As quickly and effectively to implement Big Data and Machine Learning in application area of business for a solution of practical tasks, having avoided the popular errors Data Scientist — we understand on the example of the HR direction.
Preparing to implement Big Data in HR
The introduction of any new technology and, especially, methodology is a long and iterative process consisting of several stages, as prescribed by the Cross-Industry Standard Process for Data Mining (CRISP-DM). However, CRISP-DM is a methodological guide for Data Scientist, and from the point of view of business, in particular, for HR-specialist, we need a more abstract approach, without technical features. This option, demonstrating all the necessary stages of the Big Data-project, will be the management decision-making cycle of Deming-Shewhart or Plan-Do-Check-Act (PDCA).
How the cycles PDCA and CRISP-DM are connected?
Process of acceptance and implementation of management decisions on the cycle PDCA is relevant for any business area, including practice of execution of IT projects in the Big Data direction: at first we plan activity, then we realize these plans, later we check extent of achievement of goals and, at last, we adjust the revealed discrepancies between planned and actual targets. Similar steps are included by the CRISP-DM standard: from formulation of an applied problem before expansion of software products. However, these 6 phases do not include continuous monitoring and correction of the received solutions that, in turn, involves an error of degradation of models of machine learning (Machine Learning).
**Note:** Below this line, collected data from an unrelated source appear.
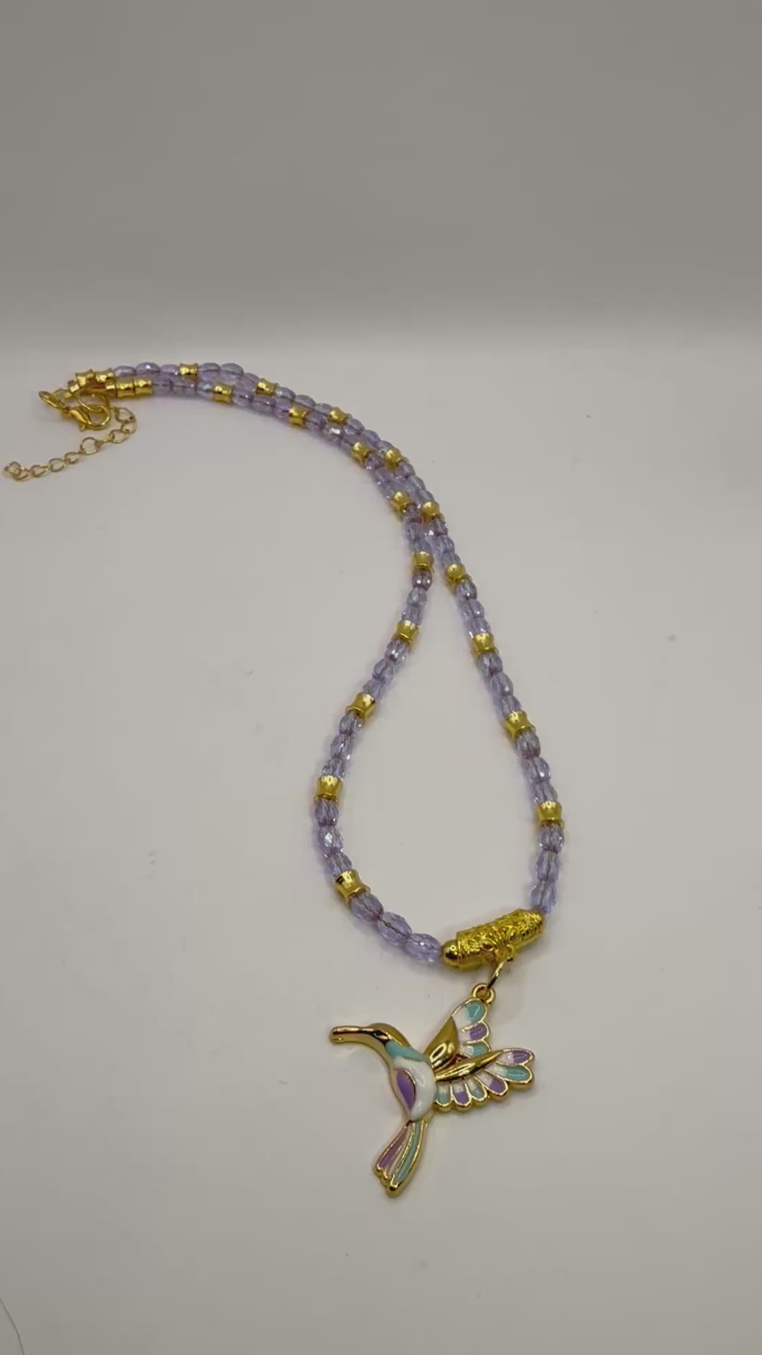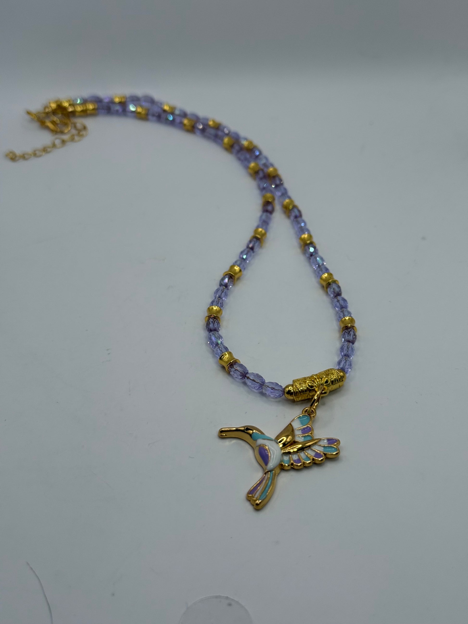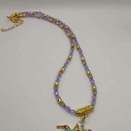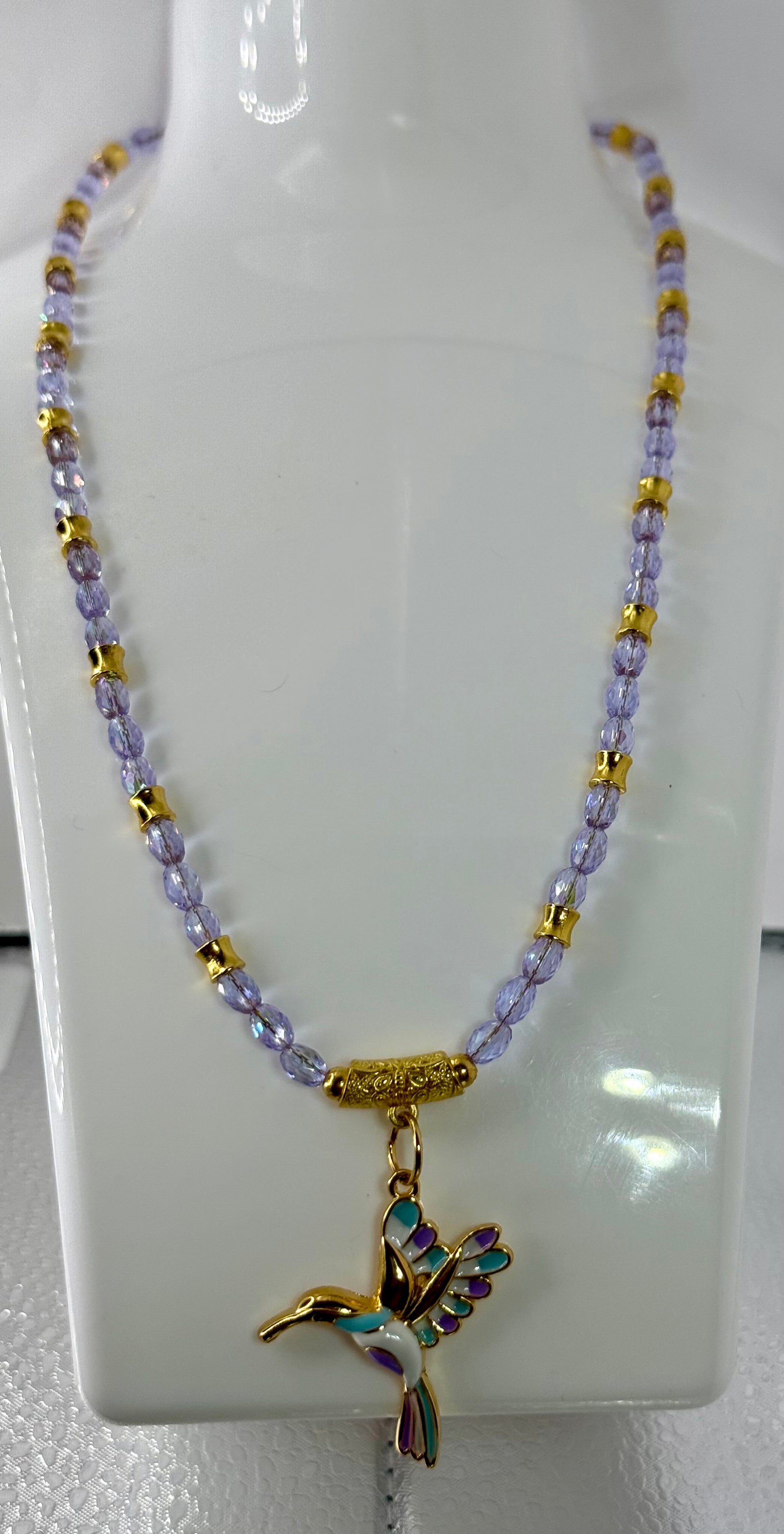 Bring a touch of elegance and whimsy to your look with this handcrafted purple faceted sparkly glass necklace featuring a vibrant hummingbird pendant. Each bead shimmers with light, paired with gold-tone accents for a luxurious finish. The necklace measures 18 inches in length, making it perfect for layering or wearing solo as a statement piece.
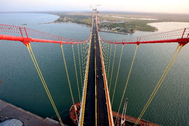 馬普托大橋及連接線項目從莫桑比克首都馬普托市向南連接南非邊境口岸以及莫旅游勝地“黃金角”,包括一座跨海灣懸索橋和數(shù)條干線公路。其中,橫跨馬普托灣的馬普托大橋全長超過3公里,主跨680米,成為非洲第一大懸索橋。該橋極大便利了馬普托灣兩岸交通,成為莫縱貫南北、連接南非的交通主干道的重要組成部分。
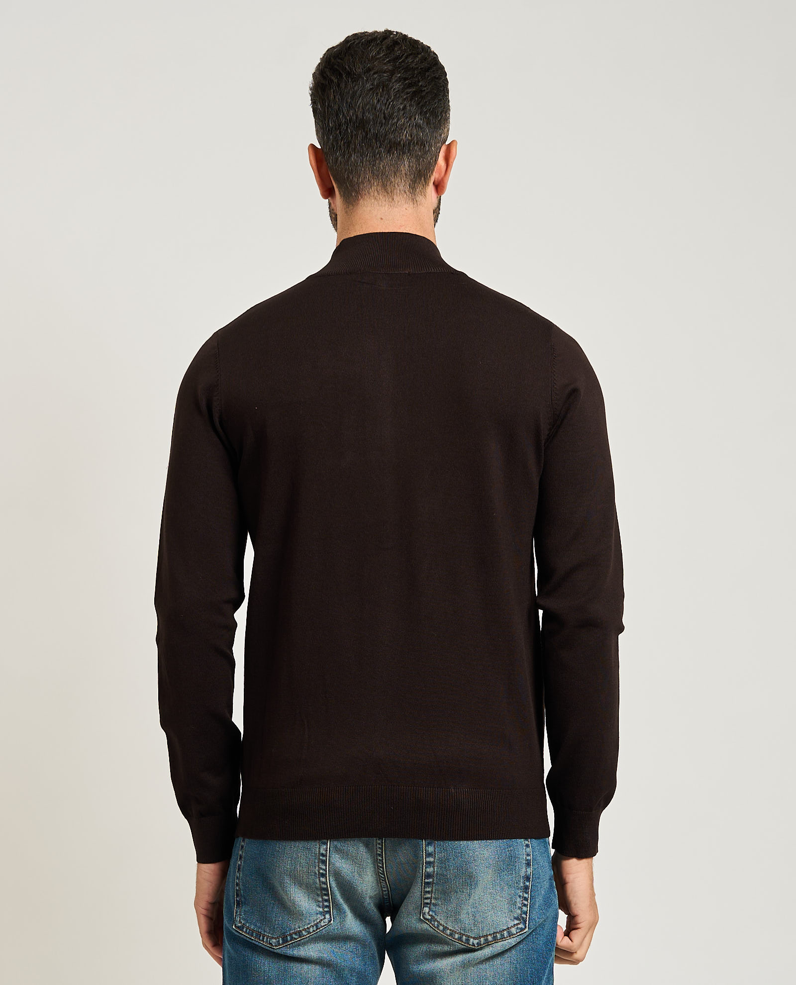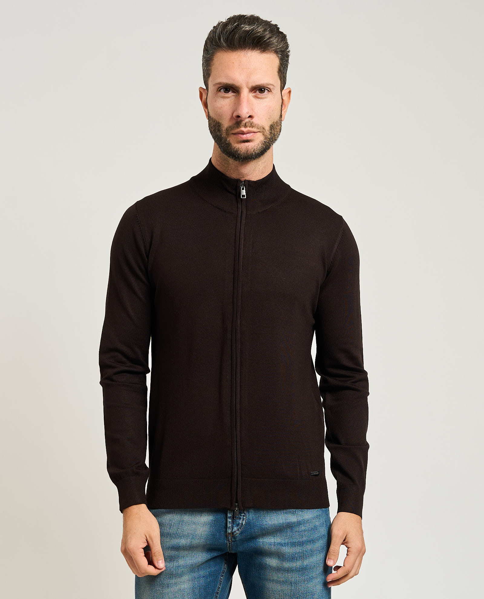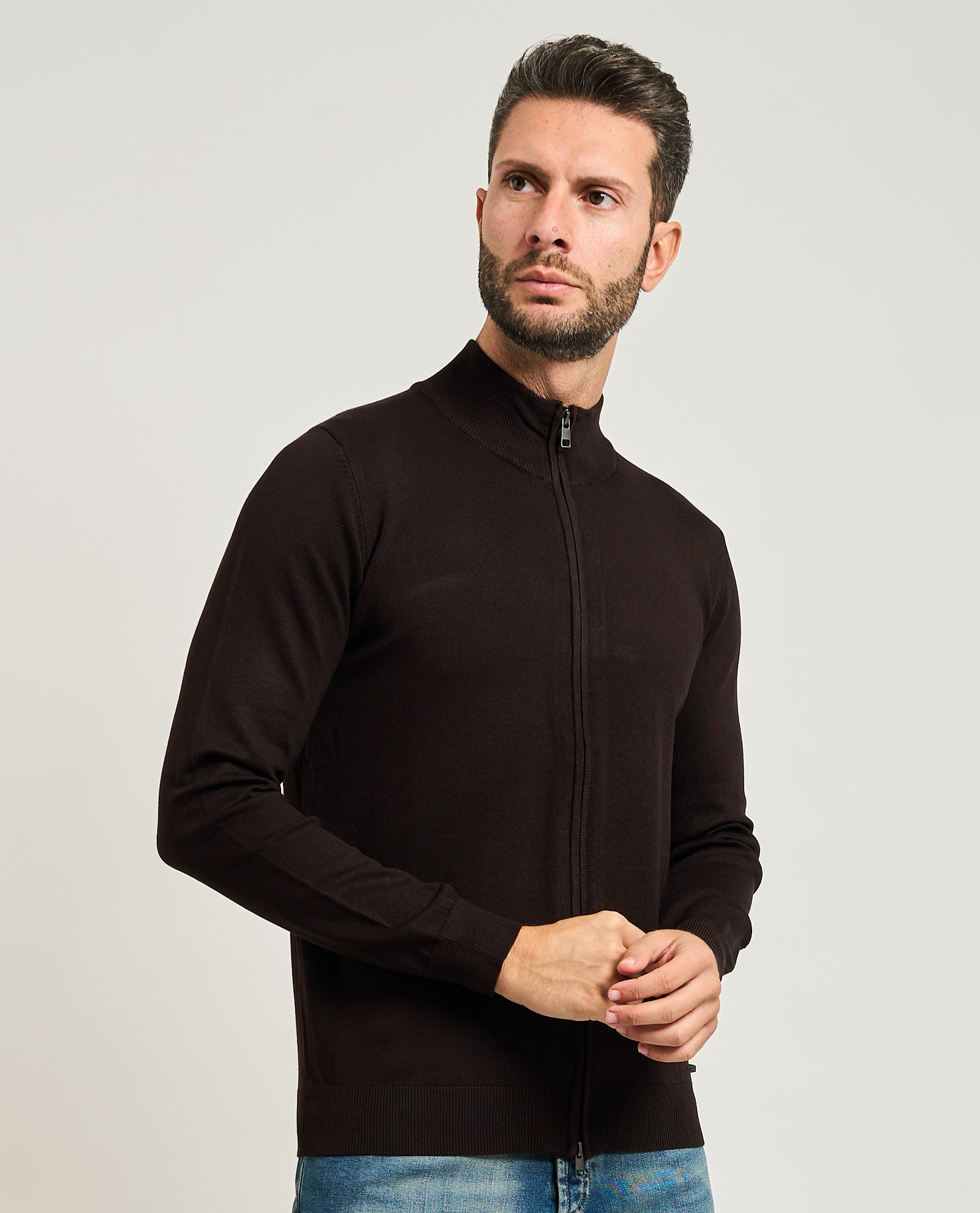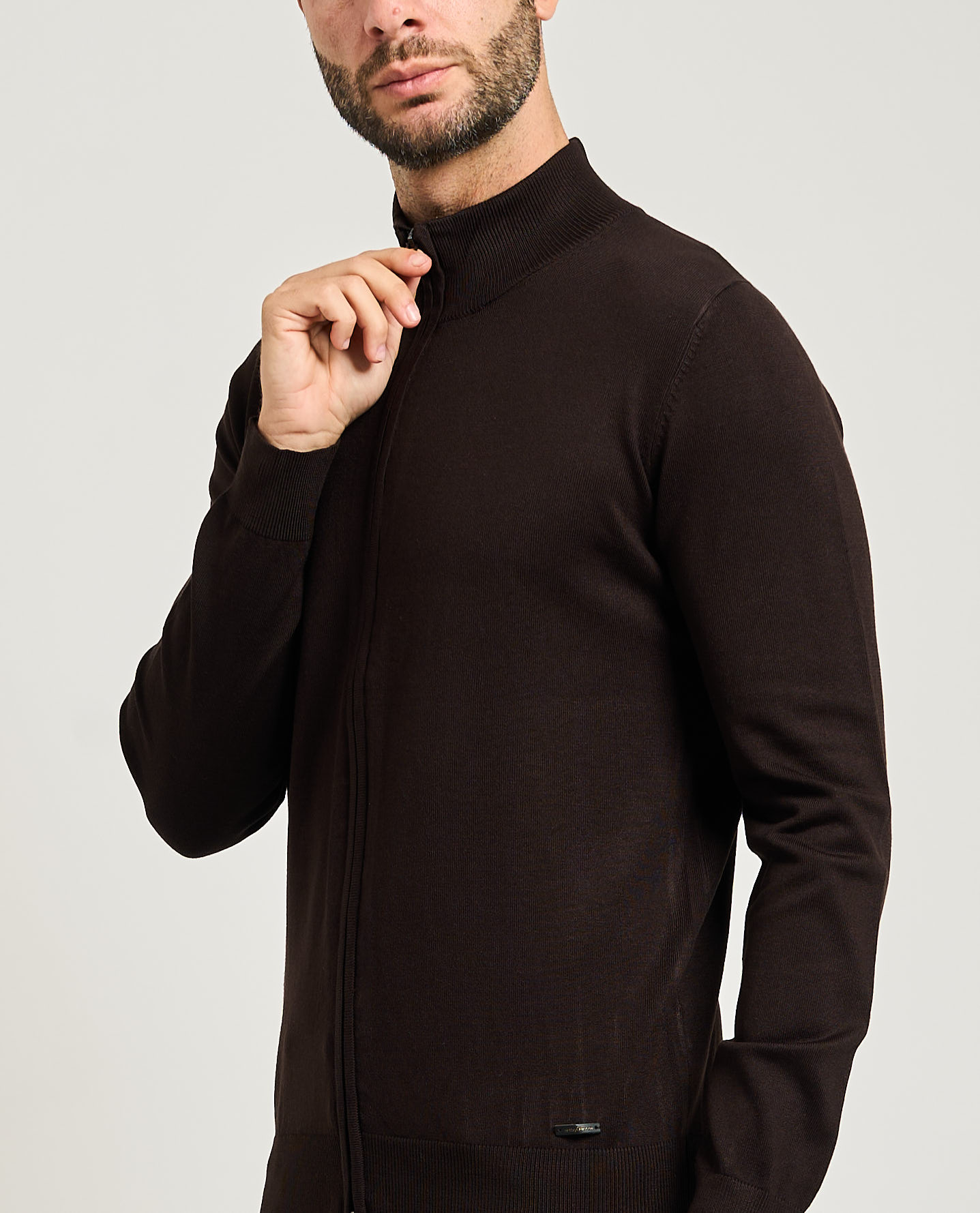 Cardigan da uomo firmato Sette/mezzo, fullzip, maniche lunghe, costine sugli orli, narrow fit, tinta unita. Il modello indossa una M ed è alto 1.85m
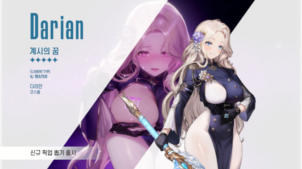 10월 2일 업데이트로 추가된 물속성 딜러 다리안입니다. 초기 코스튬은 계시의 꿈입니다. 통상 캐릭터로 명함 및 1성 가성비를 권장합니다. 1성기준 sp3개 소모 500%의 물리 피해를 줍니다 메인 타겟은 추가로 775%의 물리 피해를 주는 특징이 있습니다. 성능은 둘째치고 컷씬이 엄청났던 캐릭터..
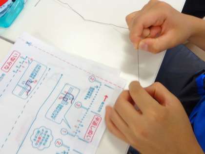手縫いの学習が始まりました。針と糸の扱いに苦戦しながらも、集中して取り組みました。「玉結び」「玉どめ」の基礎基本から、「ボタンつけ」「縫い方」を学習していきます。何度も練習すると、だんだん上手になってきました。
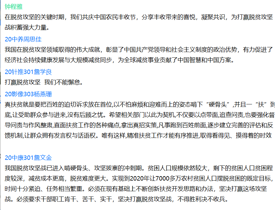 胡老師報告結(jié)束后,由方聲心、詹學良和詹文金三位同學分別進行了《把事業(yè)放在心上,把責任放在肩上》、《決戰(zhàn)決勝脫貧攻堅》、《國家情懷鑄就脫貧力量》的分享和交流,他們各自從高質(zhì)量完成脫貧攻堅、以非常之力實現(xiàn)全面勝利、鞏固戰(zhàn)果、繼續(xù)沖鋒向前等方面總結(jié)了中國在脫貧攻堅取得的成就,讓同學們了解到脫貧攻堅戰(zhàn)不是輕輕松松一沖鋒就能打贏的,靠的是黨的堅強領(lǐng)導,靠的是中華民族自力更生、艱苦奮斗的精神品質(zhì),靠的是新中國成立以來特別是改革開放以來積累的堅實物質(zhì)基礎(chǔ)。三位同學制作的課件精美,演講內(nèi)容熟悉,受到老師和同學的好評。會議最后,同學們進行本次學習的交流與分享。
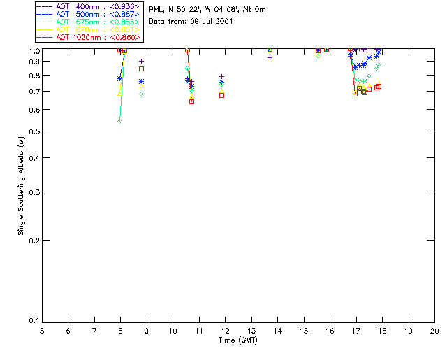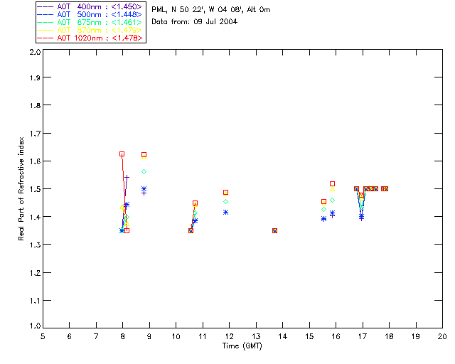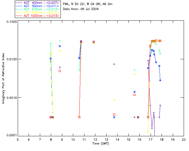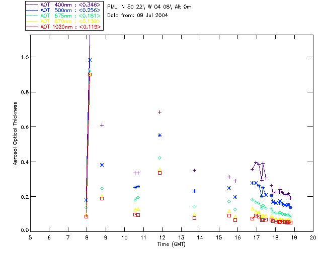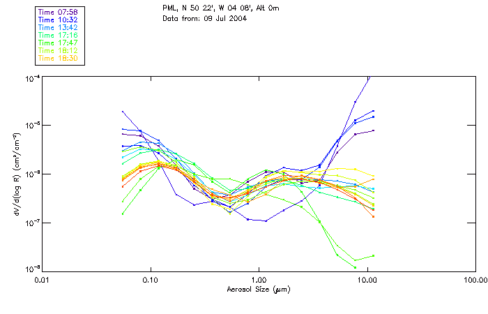In May 2001 a PREDE POM01-L was installed on the roof of the Plymouth Marine Laboratory to continue the atmospheric correction research of the PML Remote Sensing Group. This was to replace the AERONET CIMEL sunphotometer situated at Rame Head which was decommissioned in 1999. The instrument operates at 7 wavelengths (315, 400, 500, 670, 870, 940 and 1020nm) and scans at pre-set angles away from the solar disk to determine, using the inversion code of Nakajima et al. (2006), various properties of tiny particles called aerosols within the atmospheric column. From these measurements useful atmospheric aerosol parameters such as the Aerosol Optical Thickness (AOT), aerosol size distribution and single scattering albedo can be calculated. Marine aerosols tend to be bigger (D > 1µm) than those generated over the land (0.01 < D < 1µm) and are of a different chemical composition; marine aerosols are salt particles whereas terrestrial aerosols are sulphate compounds.
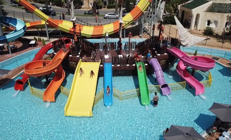 Аква парк от 2018 год.: 6 водни пързалки за възрастни, 11 водни пързалки за деца, басейн с вълни и изкуствена река (безплатен вход за гостите на хотела, храна - срещу допълнително заплащане).
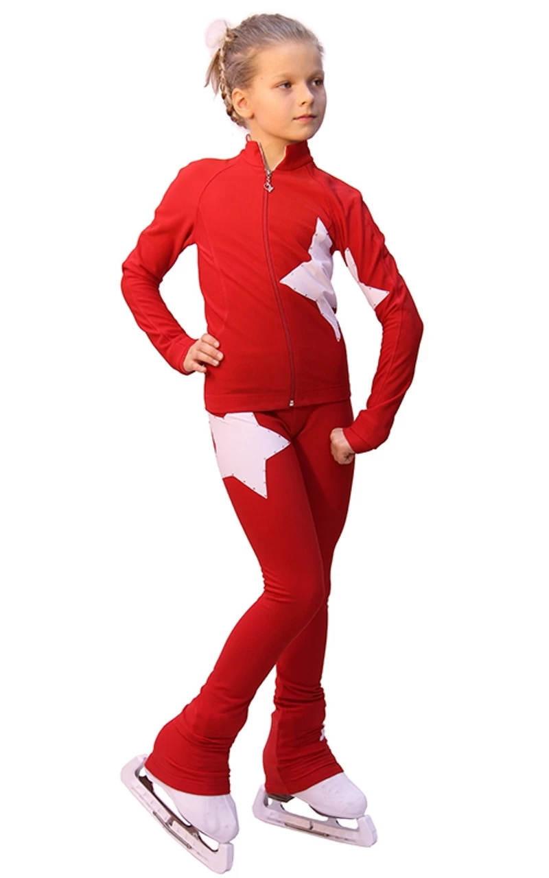 IceDress Figure Skating Outfit – Thermal – Star (with Pants) (Red With White)

The combination of two approaches will allow to avoid problems at a stage of expansion CRISP-DM due to recurrence of steps of PDCA. Thus, one of iterations on direct implementation of Big Data in the business direction is carried out at the stage Do, observed and adjusted, and then repeats taking into account necessary changes again.
Stages of big Data implementation in HR
As the main sense of HR consists in staffing of the company for execution of its key activity, it is reasonable to consider these steps in an applied context:
- Definition of a specific business problem, for example, increase in efficiency of sales. It is necessary to find factors which promote the high performance of sales managers in a section of HR analytics to attract and employ suitable people, and then to develop their potential.
- Filtering of data, creation of the dictionary of data and cleaning of information: removal of doubles, outdated values, etc. For example, how to determine “the personnel flowability”: whether it should be taken into account people who joined in a command less than half a year back, work incomplete day or left the company in the last day year? Creation of the dictionary of data is the cross-industry project – not only the main HR data (date of hiring, age, experience, information on education), recruiting characteristics (assessment before hiring, an interview), information on productivity (ratings, work distribution) and training (end of programs, certification, estimates) and also data on leadership (leadership skills, feedback coupling) are necessary.
- Creation of hypotheses and their implementation. For example, as the quality of interpersonal communications in a command affects efficiency of its work or what factors provoke professional burning out of employees and as to warn them. At this stage Data Scientist is connected to the HR analyst, organizing further work on the CRISP-DM standard: from the business analysis before implementation of model of machine learning (Machine Learning).
- The analysis of the received results, improvement of quality of the constructed models and their subsequent implementation in other business challenges with necessary adaptation.